New Life review – stripped-back virus thriller goes hard on bubo-popping horror

New Life review – stripped-back virus thriller goes hard on bubo-popping horror

John Rosman’s effective debut intertwines the lives of a woman escaping a black-site facility and a woman hired to contain the outbreak

Amid the dumper-truck of post-Covid lockdown-inspired films, very few take disease and pandemics themselves as their central focus (maybe after rewatching Contagion, we were all too eager to forget). So John Rosman’s stripped-back but effective debut is a sobering flashback to those incubative early days, its title punning its title punning on the microbe that asymptomatic protagonist Jessica (Hayley Erin) is carrying on her person, as well as her hopes for a fresh start, unharassed by government spooks, north of the Canadian border.

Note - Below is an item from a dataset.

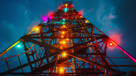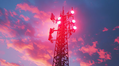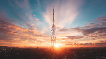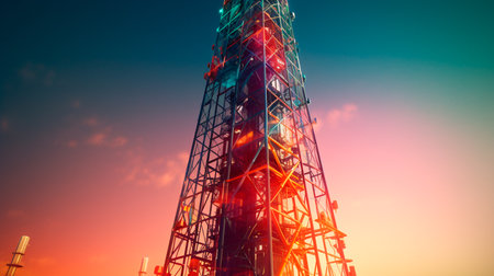 A cell phone tower stands tall against a colorful sky, creating a striking contrast of man-made structure and natural beauty, Abstract telecommunication tower on a plain background, AI Generated

All we know at the start is that blood-splattered Jessica has just escaped imprisonment in some black-site facility. She bundles herself into a pickup heading north, which luckily belongs to kindly farmer Frank (Blaine Palmer), who sends her on her way with a new jacket and a rucksack full of tinned food. Rosman makes gradual sense of this chaotic getaway by drip-feeding us the recent past: how a cute collie pitched up at Jessica and her boyfriend’s campsite, then shortly afterwards the latter broke out into terrifying boils and welts.